Working from Kuala Lumpur, Malaysia
After our dive trip Jeremy and I flew to Kuala Lumpur for a couple days en route to Malaysian Borneo for more diving. Both of us had developed some trouble with our ears after the last trip, so we hung out in KL for a while waiting for our ears to get better; I took the opportunity to get some work done.
A few days after our last trip my ears had become sore and I had trouble hearing with one of them, and it constantly felt like it had water in it; Jeremy’s situation was similar. After talking to a guy at the dive shop and doing some research online, we learned we probably had ear infections (apparently a common problem for divers) that could be treated with antibiotic ear drops, and a decongestant to relieve the symptoms.
I think my trouble was caused by being too forceful when equalizing my ears early in the dive trip — after a day or two I began to have trouble equalizing because my eardrums were sore from before. When I first noticed the pain I remembered we had been taught to be gentle when equalizing (don’t force it), but it was already too late. So I think being too forceful ruptured my eardrums and allowed bacteria to enter.
Anyway, after about a week of antibiotic treatment my ears are pretty much back to 100%.
Since we couldn’t dive again for a while I decided to spend the week working in Kuala Lumpur, which has been a great place to work — fast, free or cheap net access everywhere, and minimal distractions because I hadn’t read much about KL before I got here (so I don’t feel like I’m missing a bunch of stuff by not exploring.)
So I haven’t done much sightseeing at all; just went to check out the Petronas Twin Towers one day (the tallest twin towers in the world), and wandered around the city a bit, mostly Chinatown and the Golden Triangle. I don’t have many pics to show for it; I may take some more tomorrow before catching a late flight to Borneo.
One bit of excitement we had here: one night at a hostel in Chinatown, I heard a strange noise (a loud sharp clipping/pinging sound) that I assumed was the air conditioner, and went back to sleep. A few seconds later Jeremy jumped up, bolted from the room and ran down the hallway; I figured he was going to be sick, and didn’t give him very good odds on making it to the bathroom in time because it was pretty far away. He came back a few minutes later and told me he had been chasing a couple guys he had seen crouching at our door, and showed me his laptop cable lock that had been cut in half. (which was the sound I heard)
He had woken up just in time, so the only thing they managed to get away with was about $45 cash. When we told the hostel management about it the next day they were surprisingly nice: we felt partly responsible because we hadn’t chained the door to our room, but they seemed genuinely concerned that it had happened at all, and insisted on replacing the cash. They said they only ever admitted white people to the hostel because they didn’t want locals staying there, copying room keys and coming back to rob the place later.

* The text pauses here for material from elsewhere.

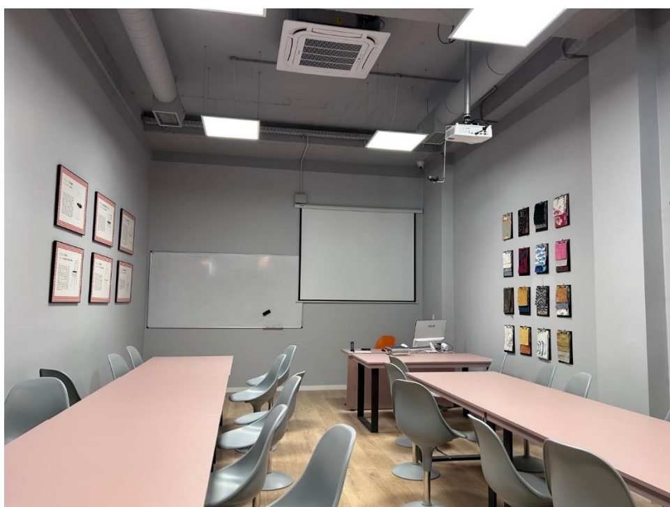
Na zdjęciach jedna z sal wykładowych.

So we got an inexpensive lesson in being too complacent about security, upgraded ourselves to a hotel ($50/night instead of $17), and counted ourselves lucky.

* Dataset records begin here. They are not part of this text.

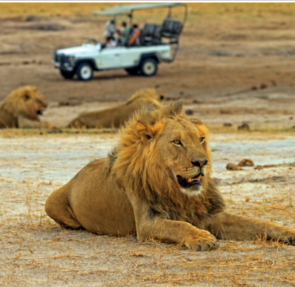
Löwe im Hwange-Nationalpark
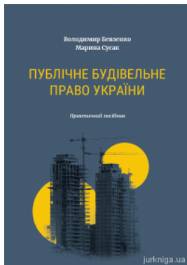
Публічне будівельне право України
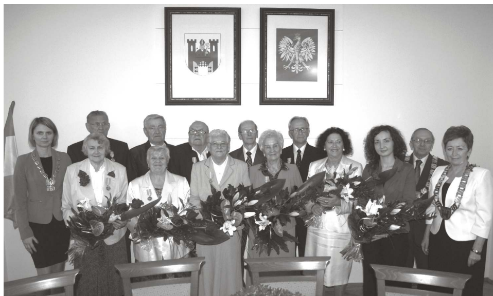
Medale "Za długoletnie pożycie małżeńskie" wręczone. Więcej na str. 5.

Wszystkim nauczycielom i wychowawcom z okazji Dnia Edukacji Narodowej składamy serdeczne podziękowania za trudną i odpowiedzialną pracę w wychowywaniu młodego pokolenia. Życzymy, aby dalsza praca sprawiała Państwu wiele radości i przynosiła satysfakcję.

(as Jeremy noted, one nice thing about travelling with someone with a shiny white Apple laptop is that I could have left my ugly Dell out in the open with a sign that said ‘take me’ and it would have been safe.)
Tomorrow I’m heading to Borneo to do some diving at Sipadan (based out of Semporna); Jeremy headed home a few days ago. There are no multi-day liveaboard trips around Sipadan, so I’ll probably take it easy with the diving, maybe do a day on and a day off, depending how easy it is to work there and how my ears feel.